HK – Eurobond Market

Posted on September 21, 2010 at 3:09 AM

In 2003, retail banks could convert their HK dollars into RMB for the first time. Seven years later, we see HK emerging as an offshore RMB center with the growing RMB Eurobond market (RMB bonds issued in Hong Kong) being a key element. The deposit base has jumped spectacularly to Rmb103.7 billion ($15.2 billion) today from a little more than Rmb20 billion in 2007.

Deutsche Bank became the first non-Asian bank to issue an RMB Eurobond last week, with a Rmb500 million ($73 million) deal for China Development Bank, and the first non- bank and corporate deals have also appeared in the past couple of months. RMB convertibility was extended to the corporate sector, with a pilot scheme launched in June 2010 allowing trade between Hong Kong and China to be settled in RMB, rather than US dollars.

In China's domestic bond market, a quota is likely to cap supply of high yielding fixed income products, leaving a fair proportion of demand unfulfilled. Hong Kong's RMB Eurobond market would serve as a buffer in this situation,  providing RMB funding for borrowers and improved rates of return for deposit holders.

RMB Eurbond comes with its advantages. RMB Eurobond issue is the quickest way to raise RMB funding with an average time table of 4-6 weeks. It would also eliminate foreign exchange risk for a company with RMB liabilities. While trade can be settled in US dollars, the foreign exchange conversion rates employed onshore can sometimes be inefficient – settling in RMB can result in a more favorable cost of goods. For development and export banks, RMB Eurobonds offer a means to diversify their funding base and build profile. Meanwhile, Chinese state-owned enterprises are looking at this market as an alternative source of financing, provided they can bring proceeds on-shore cheaply.

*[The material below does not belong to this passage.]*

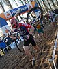 Eerst maar eens gekeken naar de junioren, om een beetje gevoel te krijgen hoe dat veldrijden er uit ziet. Er was een mooi slingerend parkoers uitgezet, waar nagenoeg geen 150meter recht stuk in zit en genoeg lastige draai en klimstukjes. Natuurlijk ontbrak de zandbak ook niet.

For bond issuers looking to convert RMB proceeds into US dollars, there is an interesting difference between the conversion rates of the dollar in the domestic Chinese market and dollar in HK market. Because demand for RMB in Hong Kong is greater, the latter is currently trading at a slight premium to dollar, meaning borrowers get more US dollars for converting their RMB than what they would on-shore in China. If issuers wish to send RMB proceeds to the mainland, an approval by the State Administration of Foreign Exchange (SAFE) is required, (which can be obtained) provided certain criteria are met.

Despite the rise of RMB Eurobond market, experts state that there would be the parallel existence of the HK dollar market, which is likely to stay as long as the HK dollar exists.

The steady supply of government RMB Eurobond issuance to date suggests that officials are serious about developing this market and creating a benchmark yield curve. Ever-increasing deal sizes and tenors ensure the correct foundations are being laid to encourage participation by a broader range of issuers.

It can be concluded that there is significant potential for Hong Kong's RMB deposit base to grow with the demand for RMB Eurobonds.